Forex is the largest and most liquid market in the world.
Forex is the world's largest and most liquid market, with an average daily turnover of around 5.3 trillion dollars. Whether it's a market or a battlefield, seasoned investors, forex trading is very attractive.
Advantages of Forex Trading
24-hour Active trading market
The forex market has the most flexible trading time in the financial markets, and investors can trade 24 hours a day, Five days a week. The traditional foreign exchange market is a currency conversion business that has been used for investment by banks, and the volume of bank transactions has increased rapidly over time, especially after the advent of the free float of major international exchange rates in 1971. Importers and exporters, portfolios, multinationals, speculators, day traders, long-term investors and hedge funds are using the forex market to pay for goods and services, to trade financial assets, or to reduce the risk of currency movements through hedging.
Low entry threshold
In the forex market, exchange rate fluctuations are usually driven by real currency flows and projections of global macroeconomic conditions. For the disclosure of major market news, investors in global trading forex will see the same forex quotes. Margin foreign exchange transactions require only the minimum investment capital requirements, the start of the account starting from the standard account 200 dollars. MetaTrader 4 Trading platform can also be "mini" 0.01 of the micro-hand trading.

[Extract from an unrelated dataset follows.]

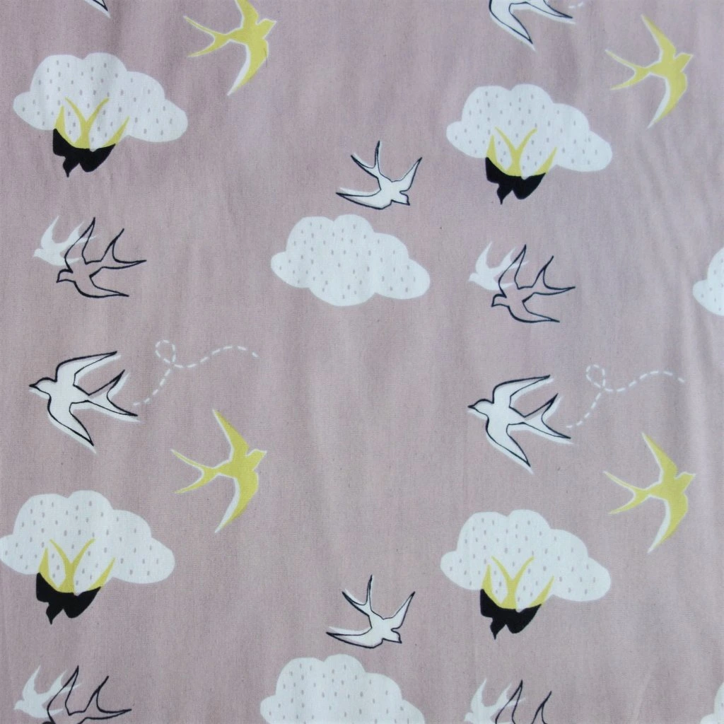 Jednoduchý a efektní vzor vlaštovek v oblacích před západem slunce, který vynikne na sukních, šatech, tunikách ale i bytových dekoracích. Neváhejte, tato látka vás okouzlí.
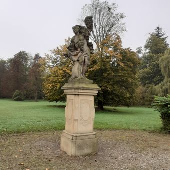 Sochy alegorií Jaro a Podzim v zámeckém parku v Liběchově

One of the advantages of foreign exchange margin trading is to use leverage to enlarge trading assets, 100 times times leverage equals 1 dollars to make 100 dollar transaction. Traders can profit from fluctuations in the exchange rate by using leverage rationally.
Different market trends in two-way trading
Unlike the stock market, which is simply "low buy high", short selling or having a fuse limit, the forex market has no restrictions on the trading direction, and traders can buy or sell short by their trading strategies. Use stop orders to specify a price, when the market trend against you, at this price to close the position, or use stop orders, when the market trend to adverse direction, can still lock part of the proceeds.
Unlike stocks and other trading markets, facing the risk of giant monopoly, foreign exchange huge trading volume makes the market is not easy to be controlled by a certain bank or agency price, investors can be in a single second, no duplicate quote phenomenon.